A day of Rakudo bug-fixing

[ #37954 ]

Today was my weekly Rakudo Day, and I spent it digging into the RT queue to see what bugs and patches people had been sending in and do some fixes and patch application. Here's what I got up to.

  • bacek noted that writing "my $a; $a = $a + 1i;" led to Parrot giving us a multiple dispatch failure. I fixed this by making sure any non-Complex values were coerced before we tried to get Parrot to do the addition, so you now get the auto-vivification that you expect and this just works.
  • Continuing the theme of reviewing making stuff work when you stick it inside a namespace, Chris Dolan supplied another patch, this time taking on roles. It solved half of the problem; I provided a fix to solve the other half and applied it along with some tests. Thanks to Chris for the patch and prodding me to do the other bits that were needed.

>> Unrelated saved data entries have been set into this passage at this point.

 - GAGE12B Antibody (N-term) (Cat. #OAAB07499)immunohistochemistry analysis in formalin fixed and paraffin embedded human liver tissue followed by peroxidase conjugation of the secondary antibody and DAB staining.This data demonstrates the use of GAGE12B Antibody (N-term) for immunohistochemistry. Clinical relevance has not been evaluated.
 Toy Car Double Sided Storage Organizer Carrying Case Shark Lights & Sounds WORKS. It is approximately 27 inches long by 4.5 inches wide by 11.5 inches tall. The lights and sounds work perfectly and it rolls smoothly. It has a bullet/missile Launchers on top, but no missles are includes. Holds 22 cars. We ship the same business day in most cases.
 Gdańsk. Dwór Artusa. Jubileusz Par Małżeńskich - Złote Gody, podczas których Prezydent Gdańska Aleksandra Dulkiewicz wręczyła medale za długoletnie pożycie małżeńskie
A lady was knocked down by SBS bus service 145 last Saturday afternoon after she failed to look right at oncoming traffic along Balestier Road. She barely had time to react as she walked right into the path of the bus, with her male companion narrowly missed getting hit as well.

  • bacek discovered an interesting bug when you tried to name an enum element the same way as certain Parrot vtable functions that I'd overridden. Turns out I forgot the anon flag, so they were added as normal non-vtable methods too. D'oh. And fixed.

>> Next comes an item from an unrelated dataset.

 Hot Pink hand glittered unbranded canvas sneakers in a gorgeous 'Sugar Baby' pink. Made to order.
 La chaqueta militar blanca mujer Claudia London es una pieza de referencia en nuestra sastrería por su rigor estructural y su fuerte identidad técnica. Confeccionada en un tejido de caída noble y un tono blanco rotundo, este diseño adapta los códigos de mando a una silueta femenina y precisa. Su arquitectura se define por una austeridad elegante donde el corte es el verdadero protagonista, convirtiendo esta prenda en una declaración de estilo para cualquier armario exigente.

  • Ilya reported that trying to declare a Range type constraint on an attribute in a class led to a Null PMC Access. I was a tad baffled, until I discovered a missing null check in an attribute cloning routine.

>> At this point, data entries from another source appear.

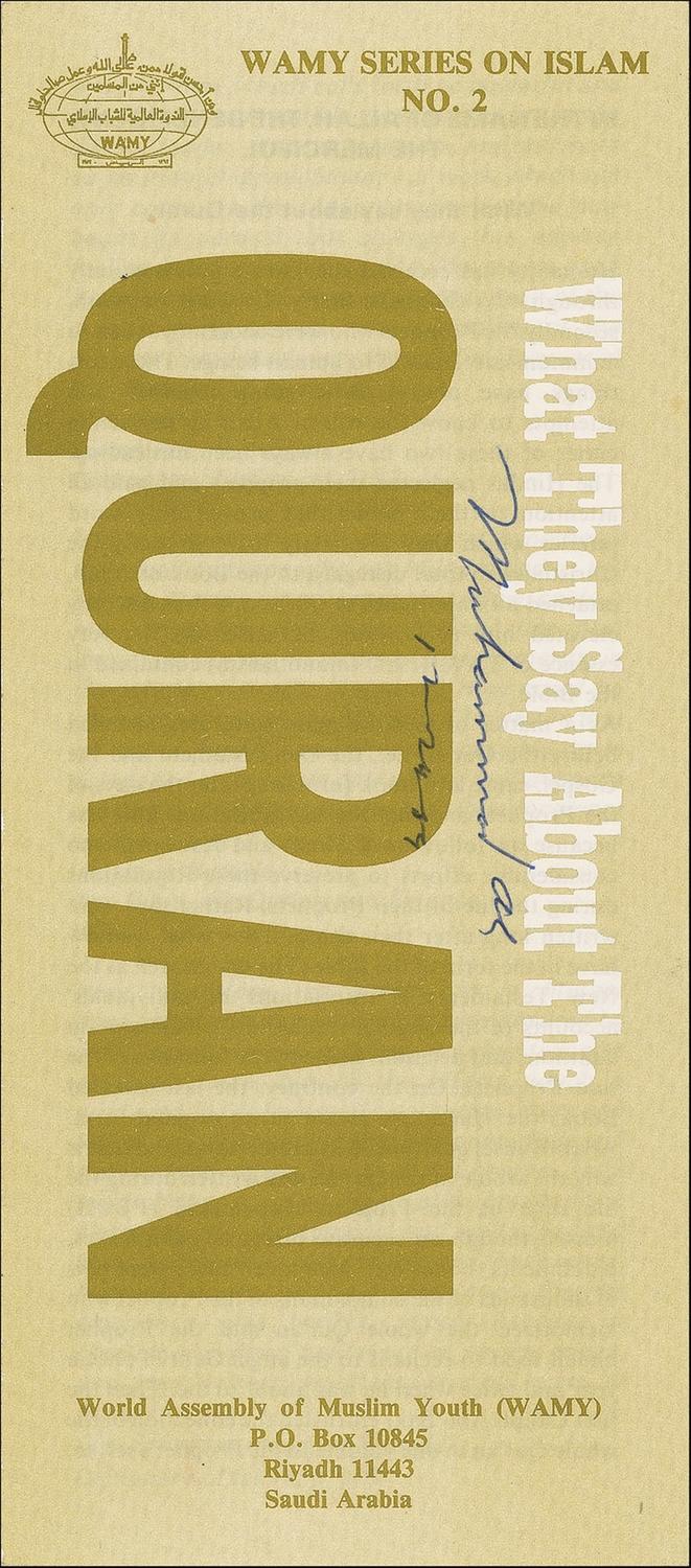 Tri-fold religious pamphlet entitled “What They Say about the Quran,” 3.75 x 8.5, signed vertically in blue ballpoint, “Muhammad Ali, 12-24-89.” In very fine condition.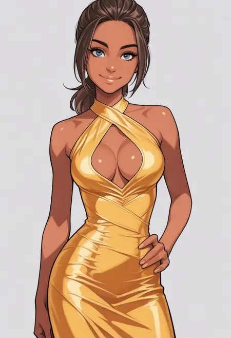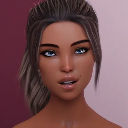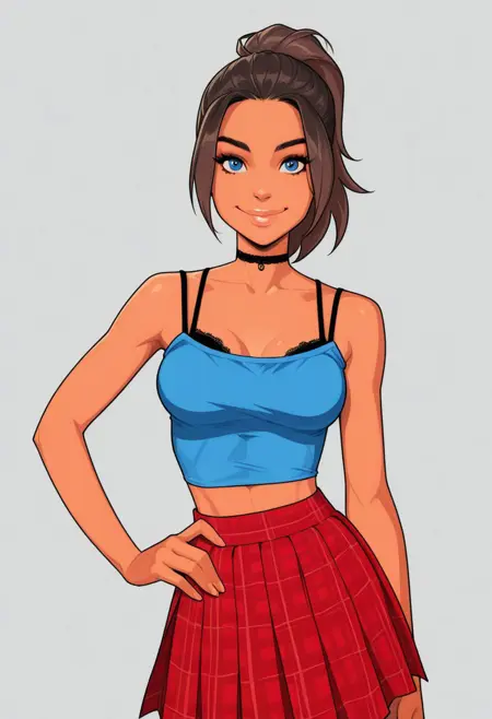 1girl, solo, Josy, dark-skinned male, brown hair, ponytail, highlights, blue eyes, beauty mark,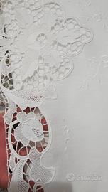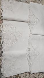 Completo letto matrimoniale in puro lino di una volta ricamato a mano e con pizzo Burano. Nuovo,lavato solo una volta per la preparazione del corredo e tenuto sempre nel cassetto.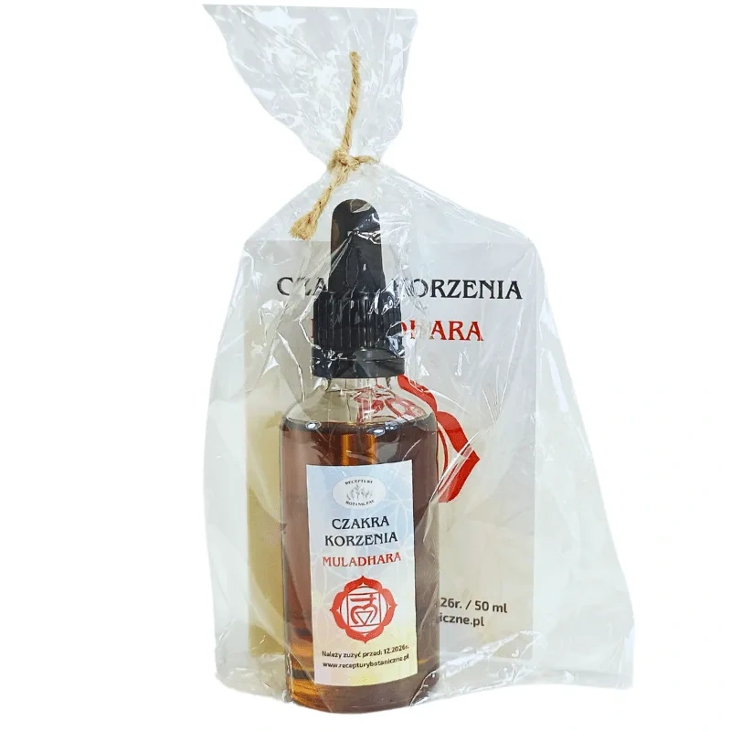 Olejek czakra Korzenia (Muladhara) wzmacnia poczucie bezpieczeństwa, daje uziemienie i stabilność.

  • A ticket form masak expected the eval with a block would work. The spec says otherwise, but we were crashing in a bizarre way when people tried to use the block form - on exit! I put in a type check on the parameter to eval, as shown in S29, so it tells you outright that it's wrong now.
  • Fixing this reminded me that the error message for a type check failure could be more helpful and mention which sub you had invoked when the failure happened. So I made it so.
  • masak wished that '$a .= "A"' would give you a more helpful error message. In fact, the compiler was trying to, but was calling panic on something that didn't know how to. Fixed and now it tells you that you were meant to write a method name over on the RHS.
  • masak also reported that .= didn't work out so well if the LHS was an index into an array (like @a[0]). It didn't work for doing the equivalent with hashes either. Thanks to PAST improvements since I did the first cut of .=, it was now trivial to refactor .= to do the right thing.
  • Patrick and I spent a while discussing a couple of the messier areas of and worked out ways to improve them. There's tasks for both of us in there. We also talked about how to implement context variables, and I think Patrick plans to hack on that soonish. Those will be cool to have. :-)
  • Fixed a bug reported by masak relating to lexicals with the & sigil, and added a couple of spectests to cover it.
  • Moritz pointed to an integration test that he'd added, known as the man or boy test. Rakudo turned out to be a bit of a boy, but a couple of fixes later it's now a man. (Fixes were to make parameters with the & sigil work properly - they were meant to but there was an small bug - and fixing up 'is copy' a bit. We run through the first 10 values, and then hit Parrot's developer-aiding recursion limit in the 11th. But computing the first 10 pretty much shows we can do it. I pondered upping the limit for Rakudo (a default value of 1000 calls deep is compiled into Parrot, but it's changeable at runtime), but the limit is good for now while we're in development. Better to catch infinite recursions early.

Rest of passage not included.